Respekt und Sicherheit

Sport ist ein Umfeld, das geprägt wird von Vertrauen und Respekt. Nur durch die nötige Unterstützung des gesamten Umfelds können SportlerInnen ihre persönlichen Bestleistungen erzielen. Leider nutzen jedoch manche Menschen das als sicher angesehene Umfeld "Sport" aus.

Übergriffe im Sport

Es gibt innerhalb der Strukturen des organisierten Sports Risikofaktoren auf verschiedenen Ebenen, die ein begünstigendes Klima für sexualisierte Übergriffe schaffen können. Das heißt natürlich nicht, dass sie zwangsläufig zu Übergriffen oder gar Missbrauch führen. Der österreichische organisierte Sport spricht sich für eine Kultur der Aufmerksamkeit und des Handelns aus, um ein offenes, intaktes und sicheres Sportumfeld zu schaffen. Die ASKÖ Oberösterreich unterstützt diese Herangehensweise.

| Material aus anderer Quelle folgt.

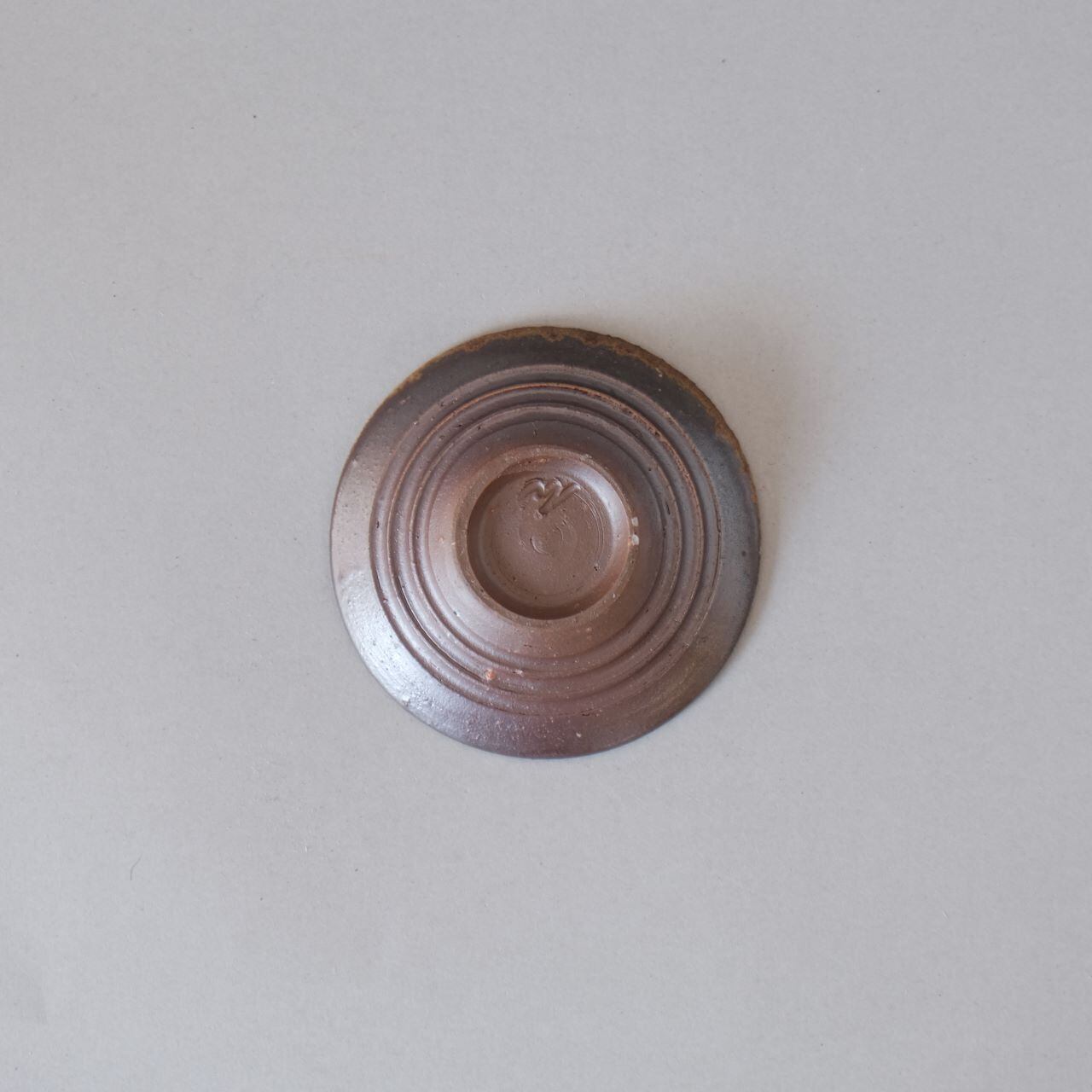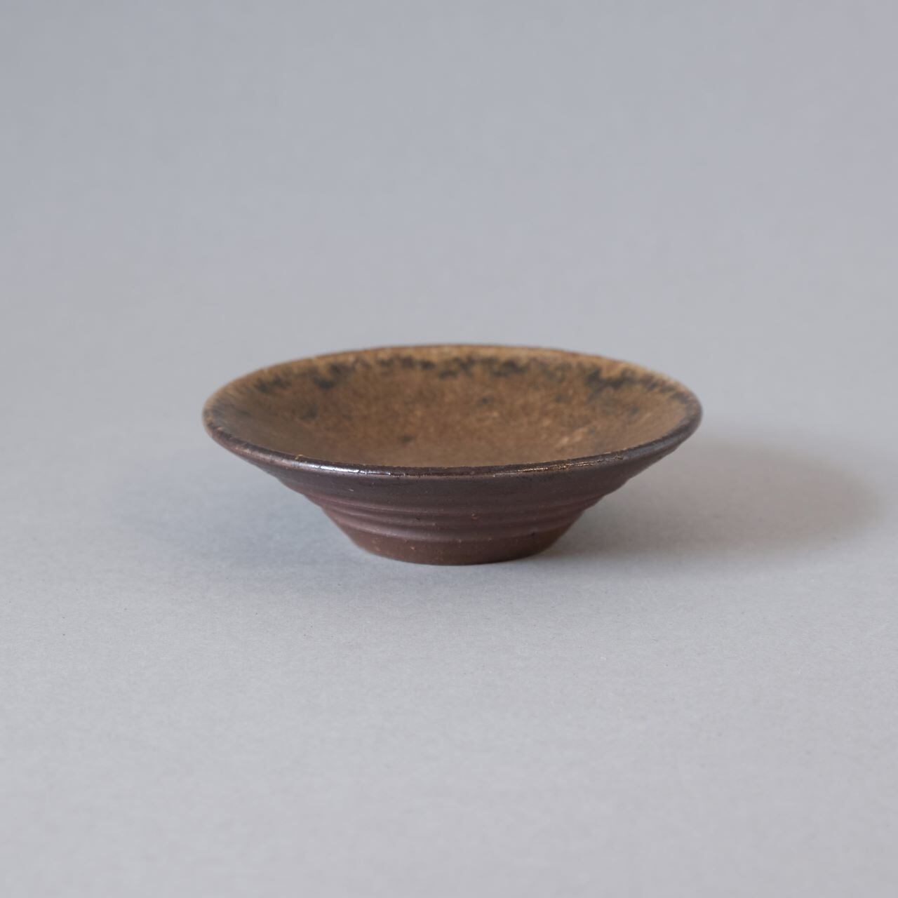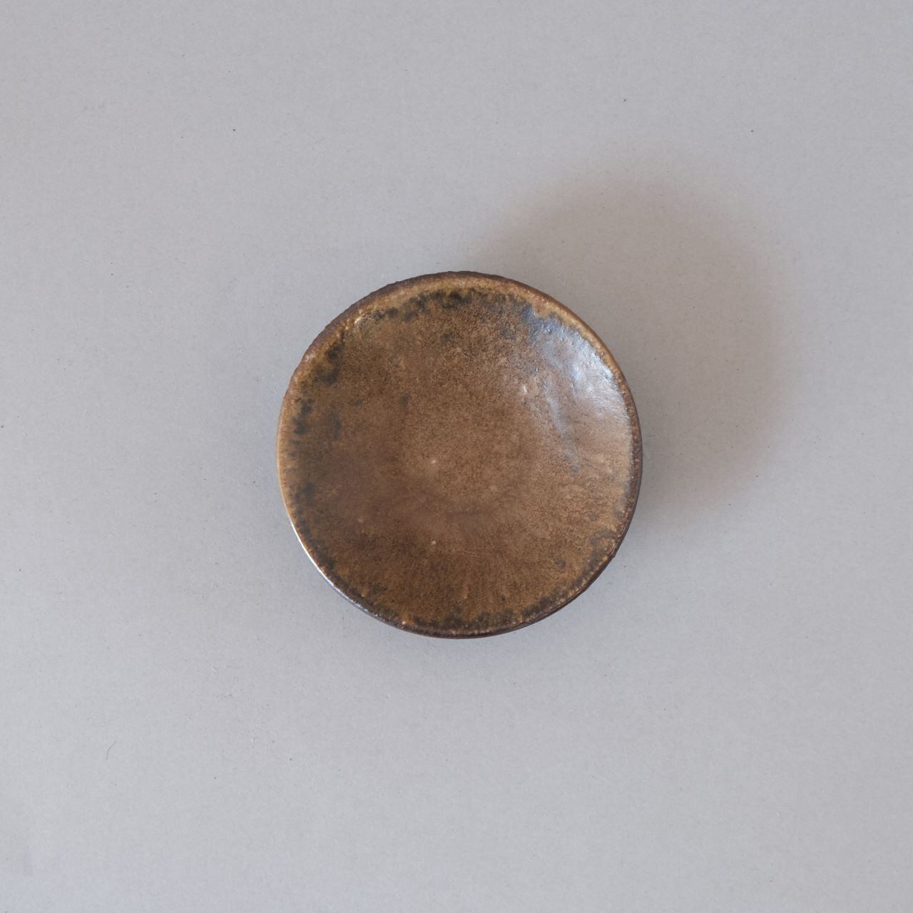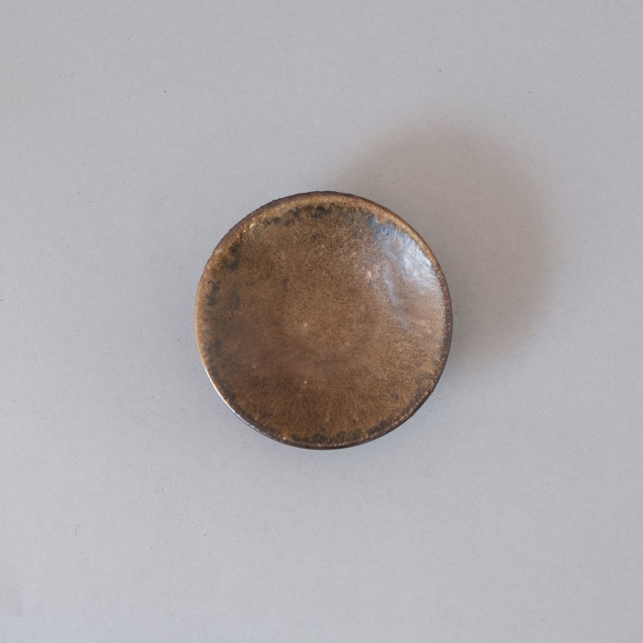 とても小さなサイズの豆皿です。深さがあるので汁気のあるものにも使えます。燃料の松割木の灰が降りかかり、溶けた部分が黄色く流れており、変化を見せています。
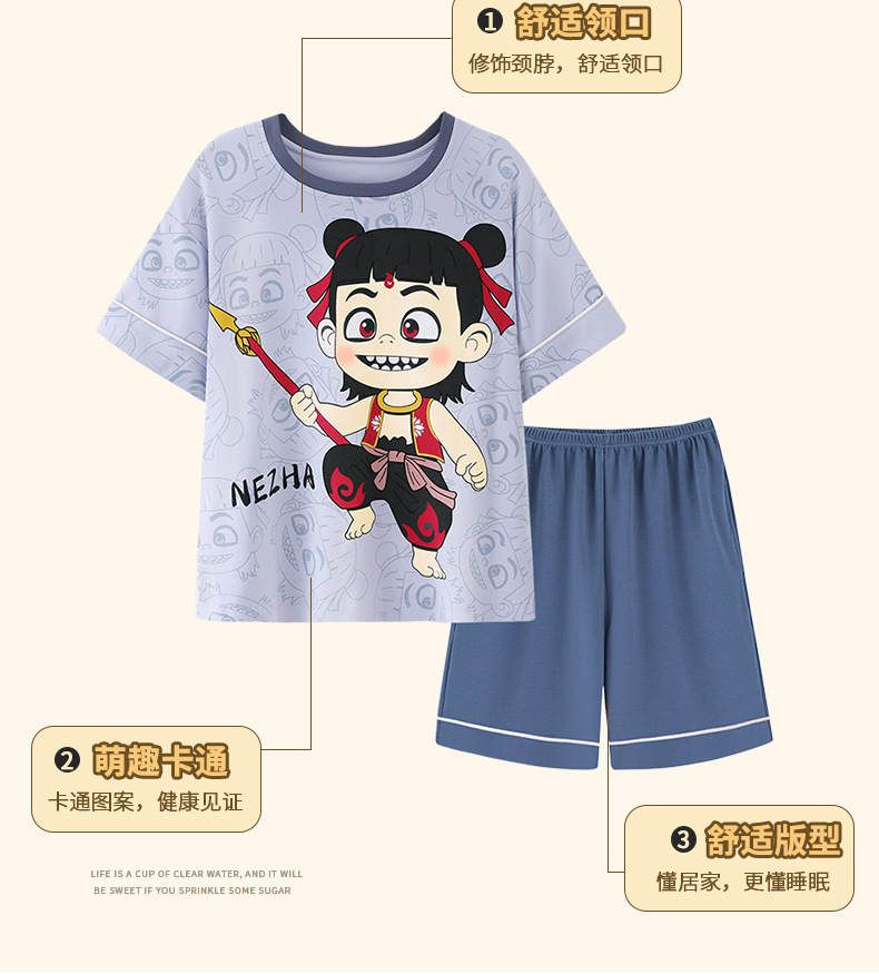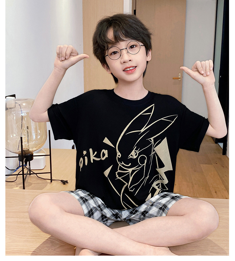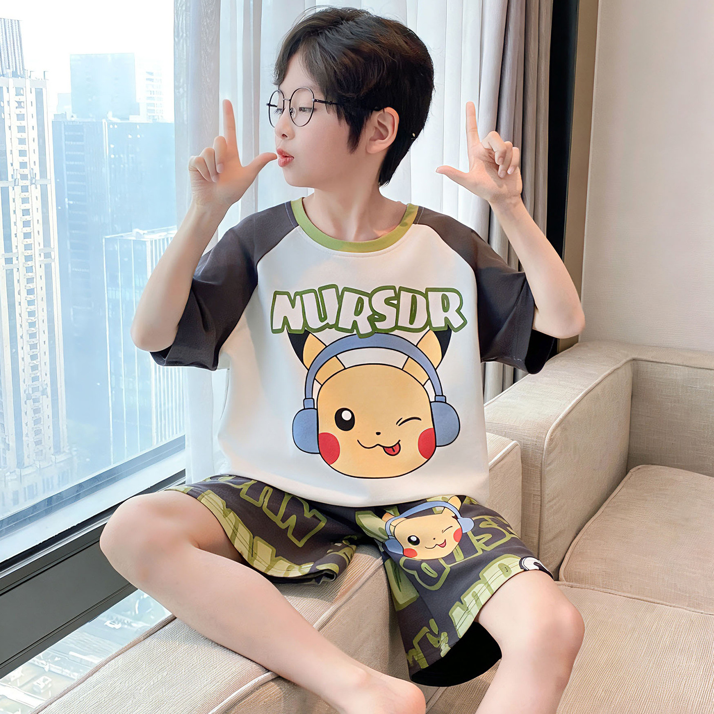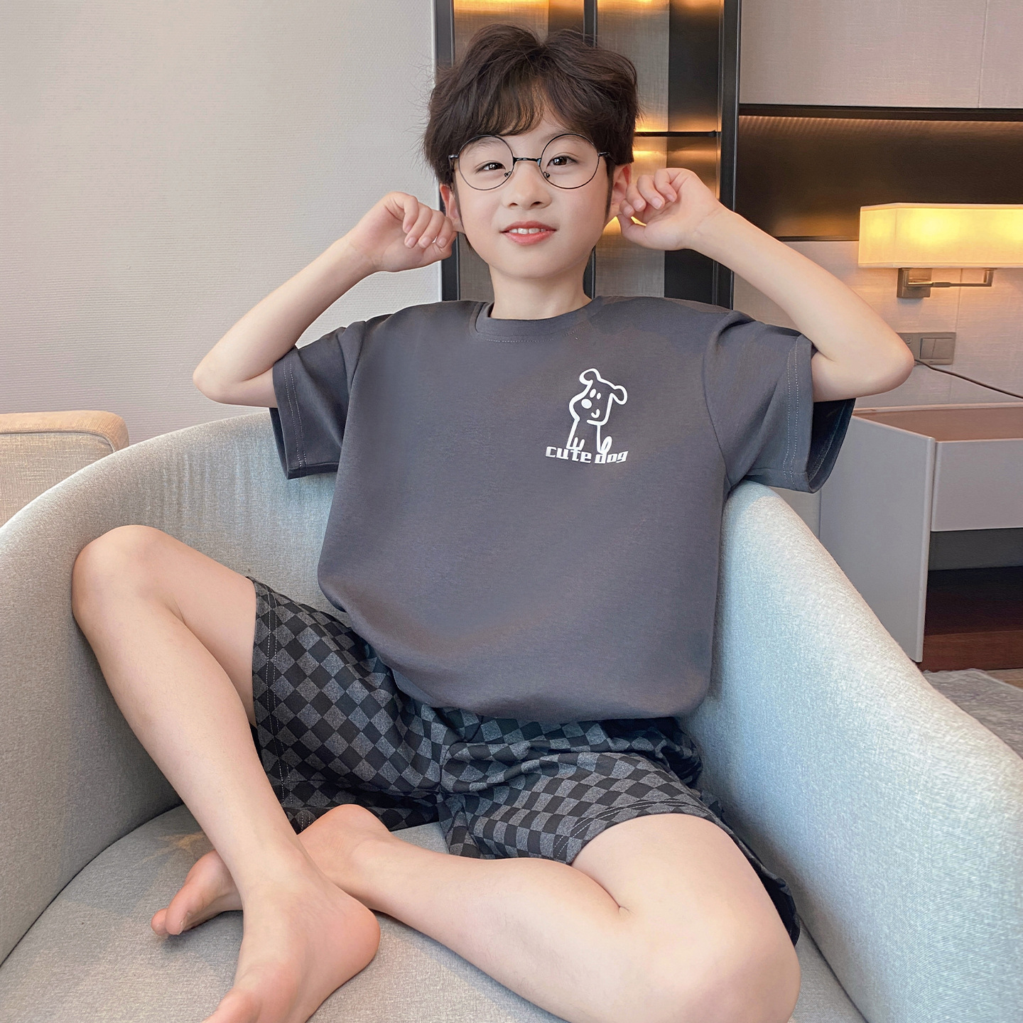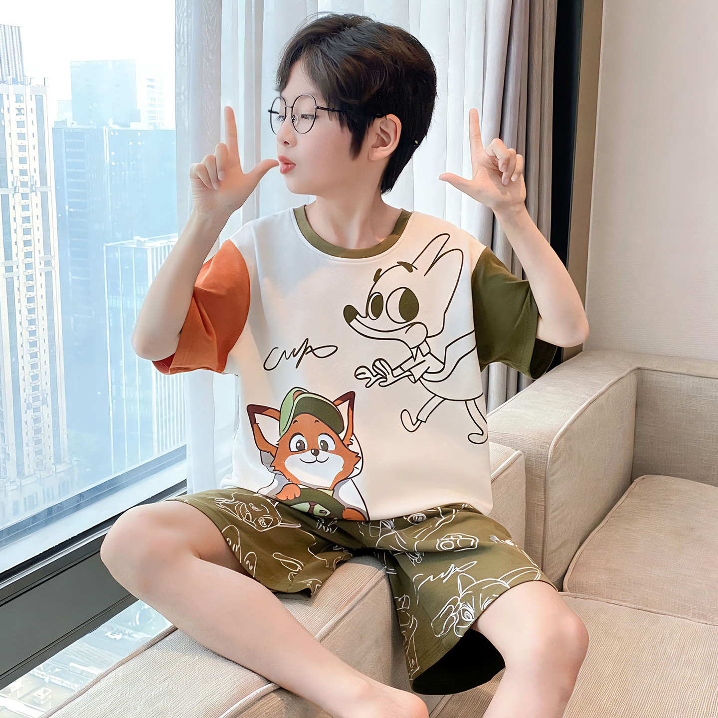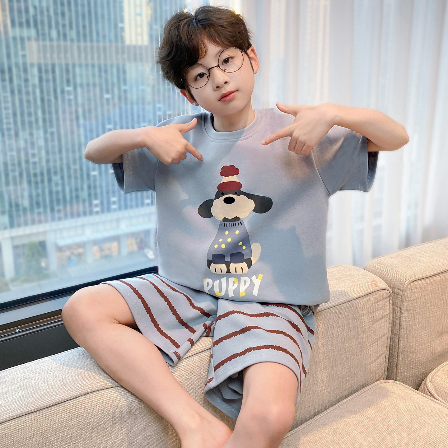 2026년 여름 신상품 남아용 잠옷 반팔 반바지 순면 만화 캐릭터 아동 남아 청소년 부모-자녀 홈웨어스토어 가기

Analog zu anderen Lebensbereichen ist davon auszugehen, dass eine/r von fünf SportlerInnen Opfer von sexualisierten Übergriffen im Sport wird. Das Thema „Sexualisierte Übergriffe im Sport“ löst bei vielen Personen eine Abwehrhaltung aus. „Sowas gibt’s bei uns nicht“ ist eine oft verwendete Aussage im organisierten Sport, um sich mit diesem Thema nicht beschäftigen zu müssen.  Um Betroffenen, TrainerInnen und Vereinen eine Hilfestellung bei diesem sensiblen Thema zu geben, hat das Sportministerium in Zusammenarbeit mit dem Verein "100% Sport" und der Arbeitsgemeinschaft „Gegen sexualisierte Gewalt im Sport“ zahlreiche Maßnahmen entwickelt.

Information und Bildung

Die Broschüre „Für Respekt und Sicherheit im Sport – Gegen sexualisierte Übergriffe im Sport“ sowie weitere Materialien – sind als Download auf der Website von www.100sport.at erhältlich. Interessierte Personen von ASKÖ OÖ Vereinen, die als MultiplikatorInnen und Vertrauenspersonen innerhalb der Vereine unterstützen möchten, können an Seminaren zum Thema „Für Respekt und Sicherheit“ teilnehmen. Der Fokus liegt hierbei auf Sensibilisierung des Umfelds, setzen von Präventivmaßnahmen, Vernetzung mit Hilfsorganisationen und Beispielen aus der Praxis.